#### Description of the task
Output the full listing below exactly, without the pictures.

#### Given data
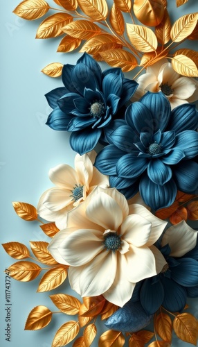 Elegant Blue White Flowers Gold Leaves Arrangement
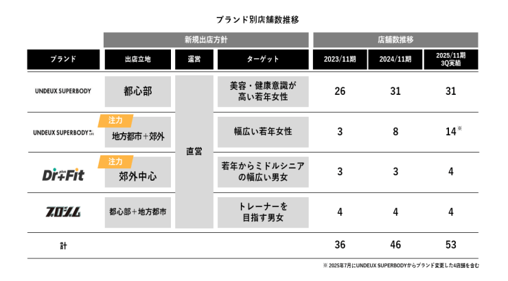 ブランドに応じて出店を工夫しており、現在までに53店舗を運営しています。
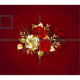 Die Komposition von zwei kunstvoll bemalten rote Rosen und einer goldenen Rose, mit Gold, Juwel Blätter auf texturierten Hintergrund verziert.

#### Finished exercise
 Elegant Blue White Flowers Gold Leaves Arrangement
 ブランドに応じて出店を工夫しており、現在までに53店舗を運営しています。
 Die Komposition von zwei kunstvoll bemalten rote Rosen und einer goldenen Rose, mit Gold, Juwel Blätter auf texturierten Hintergrund verziert.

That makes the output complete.